Renteria-Gonzalez, alongside transgender detainees Kenia Campos-Flores and Mario Garcia-Valenzuela, claims they were targeted by former assistant warden Manuel Reyes through a coercive work program.
The program allegedly forced detainees to perform grueling tasks, like pushing heavy cinder blocks or metal cabinets across a dorm for 30 minutes, only to move them back, often without proper protective equipment.
"We never had the proper PPE and stuff like that. We never got paid. If we did, it would be like a dollar, no more than five at a time. Or we would work for like a bag of chips or a snack bag from the kitchen, or a soda, just small things like that," Renteria-Gonzalez said.
Sarah Decker, a staff attorney at RFK Human Rights, warns, "The program had actually a much more sinister purpose."
"From my perspective, [it] was designed to punish and physically torture people who identify as LGBTQ or transgender," Decker said. "If this person complained about the abusive conditions or even when people asked for personal protective gear or equipment when working with dangerous chemicals, the response was always, ‘If you wanna be a man, I’ll treat you like a man,’ or ‘aren’t you strong enough? Aren’t you a man?'"

The complaints, filed under the Federal Tort Claims Act, allege ICE was aware of the abuse but failed to act.
"It was hard, it made me feel scared, it made me feel frustrated, it made me feel angry, because we don’t have a voice in here,"Renteria-Gonzalez continued. "When I did speak up about it, when I finally did record it, they only do the ‘protocol’, just to make it seem like they’re doing something."
DHS Assistant Secretary Tricia McLaughlin dismissed the allegations as "another hoax about ICE facilities," contending, "Nobody was forced into coerced labor. The Assistant Warden did not perpetrate or enable any sexual harassment or assault. Nobody was physically abused. And nobody was denied proper medical care."

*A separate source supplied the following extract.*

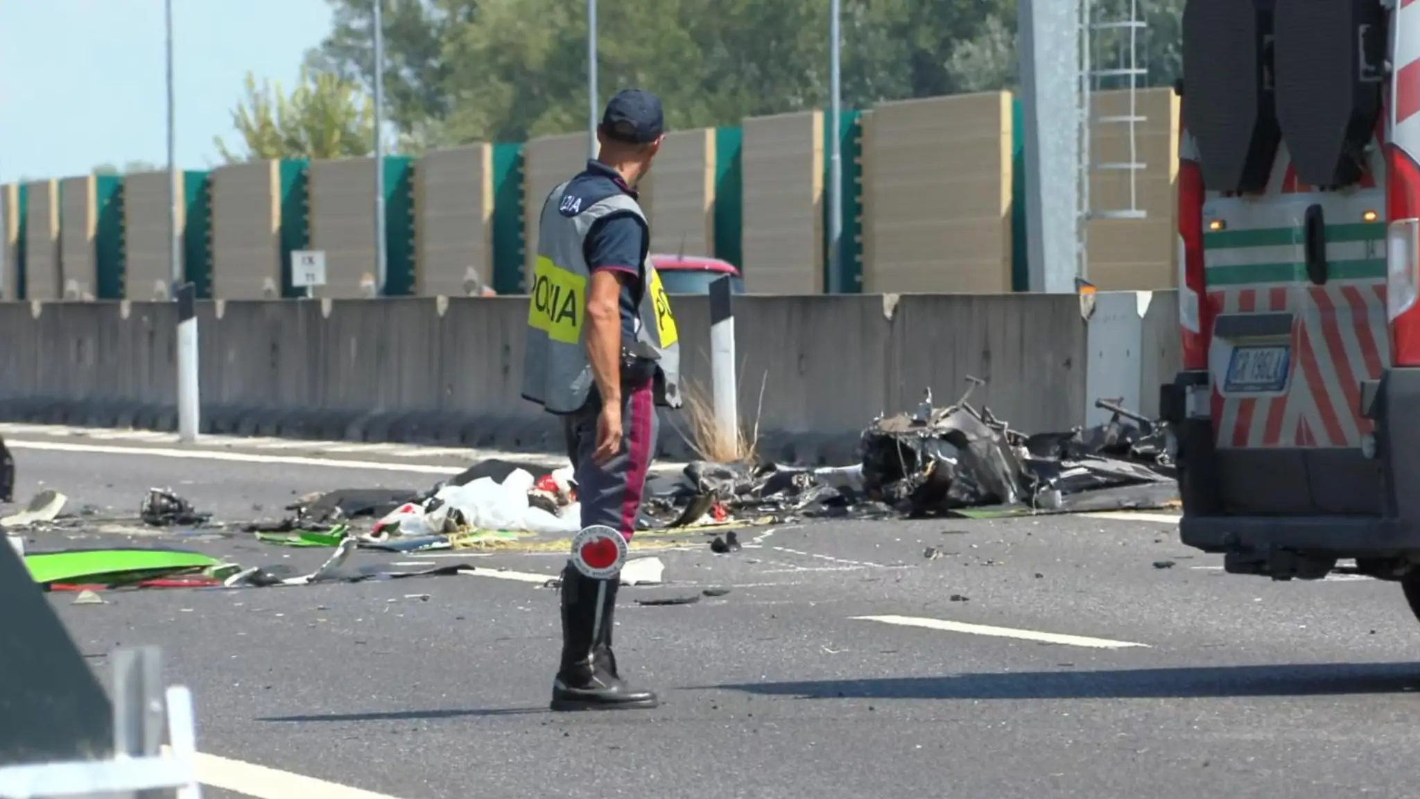 Ultraleggero precipitato: i rottami sulla strada

GEO Group, the facility’s contractor, called the claims "baseless" and part of a "politically motivated" campaign to abolish ICE.
Detainees who complained faced retaliation, including solitary confinement, with one, Mario Garcia-Valenzuela, allegedly beaten and handcuffed.
"There’s a really intense and disturbing paper trail of ICE’s knowledge of what was happening in this facility. This is part of a system of neglect and abuse," Decker emphasized.